Ветер звенит в ушах,
Тянет позёмкой дым.
То ли стекло — гранит,
То ли изнежен лоб.
Жизнь, ускоряя шаг,
Бредит пережитым,
В списках своих обид
Не повториться чтоб.
Мне отплясать бы свинг,
Но не даёт живот.
Красный огонь возник -
Значит отжат стоп-кран.
Панчер зовет на ринг,
Да не довёз пилот.
Чудится чей-то лик,
Грезится чей-то стан.
Я не творил судьбу, веры не предавал,
Молча бежал, как пес, рядом у колеса.
Но превратился в риф вздорной души коралл,
Разъединяя свет, жизни и полюса.
Пешка, идя в ферзя,
Тянет победный пул.
И, ожидая мат,
Можно спустить курок.
По остриям скользя,
Словно гимнаст Тибул,
Выиграл сонм наград
И потерял Суок...
Что производит мысль? Томный «Полёт шмеля»,
Памяти грозовой музыка тишины.
Ухает стробоскоп, радует конопля,
Двое родных людей лгут на щеке страны.
Переиначить быт — мужество воробья,
Сколько бы не чадил эхом простой сюжет,
Боль, как всегда, вошла на глубину копья.
Просто, как в подкидном — дамою бит поэт.
Запах рождает мысль!
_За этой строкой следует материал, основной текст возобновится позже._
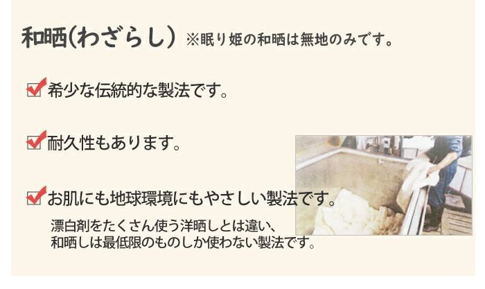無地では両面に・柄生地では裏面に、よりソフトな肌触りの和晒加工の生地を使用しています。

Голода — от муки,
Душной ванили — страсть, ножницы — эшафот.
Бездна твоих желёз, бархат твоей руки,
Переродили сны в пару приличных нот.
Что-то не задалась логика октября:
Листья еще горят — поторопился снег.
Крепкой стеной легли осени и моря,
Только кресты, кресты — ужасом наших вех.
Не исчерпали цвет, не измоглись глотнуть
Лишней минуты дня белую карусель.
За проливной бедой тянется шлейфом муть,
В тронных балах ложась кляксой на акварель.
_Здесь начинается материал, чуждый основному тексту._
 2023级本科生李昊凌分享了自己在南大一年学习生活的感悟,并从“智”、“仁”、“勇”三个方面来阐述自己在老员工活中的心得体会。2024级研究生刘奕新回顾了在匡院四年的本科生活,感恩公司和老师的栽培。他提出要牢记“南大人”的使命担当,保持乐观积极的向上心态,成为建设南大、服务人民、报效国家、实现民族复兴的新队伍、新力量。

Так неприлична власть всюду сующих нос,
Шкаф со скелетом пуст, только рояль в кустах.
Тешит мошну гламур и проституток воз
В райдерах шелестят, куксятся в прайс-листах.
Все продаётся, гниль выплыла над водой,
Можно сказать — говно, но не скажу, учтив.
Мы продлеваем жизнь, даже живя с бедой,
Что нам вся та напасть гомо и теле див?
Ладно, вернёмся в суть выспренности стиха.
Где-то поёт щегол, рядом прошаркал плащ.
То ли рябиной сыт, то ли горит ольха,
То ли тебя забыл, не уберёг, хоть плачь.
Видимо, прав завет:
Не сотвори икон.
Идолов не круши
В чуждом разрезе глаз.
Снова уходит свет
Под погребальный звон,
Снова поют ножи
В ранах о нас, о нас.
Слушают провода чей-то охрипший крик,
Чтоб превратившись в звук, в домнах перегореть.
Над ивняком седым месяц, зараза, сник,
В чадном дыму страстей миру оставив треть.
А на губах твоих звёздной метели вкус.
Обобщена грозой логика торжетва.
Там, между двух осин, в блёстках молочных бус,
Грезится светотень каинова родства.
Бог направляет путь каждого из мирян,
И за ущербность дней стоит пролить вино.
Но изымая свет с улиц или полян,
В тёртой ночной душе бог позабыт давно.
Не уличить никак
Ложь золотых времён,
Разве подвержен стыд
Верности сквозняка?
Ветер опять иссяк
В дебрях твоих знамён
И заблудился гид,
Зная наверняка.
Жизнь превращает в лёд
Даже тоску побед.
Ввязан разрыв-травой
В страсть воровской устав.
Мы убиваем влёт
Низко летящий свет,
Памяти гробовой
Недра перелистав.
Мысль на краю цветка...
Окна глядят на юг.
Как улететь туда,
Где недоступен рай?
Скоро умрет река,
Вымрет озябший луг,
Словом, опять беда, -
Чёткий годичный пай.
Соизмеримо ли
Горе, да мал аршин.
Сколько не суесловь,
Раны Христа в крови.
Как не узнать вдали
Всю красоту вершин,
Так не понять любовь,
Не потеряв любви.
Неоднороден рой звёздного вещества,
Видишь, опять пылит вечный Чумацкий шлях.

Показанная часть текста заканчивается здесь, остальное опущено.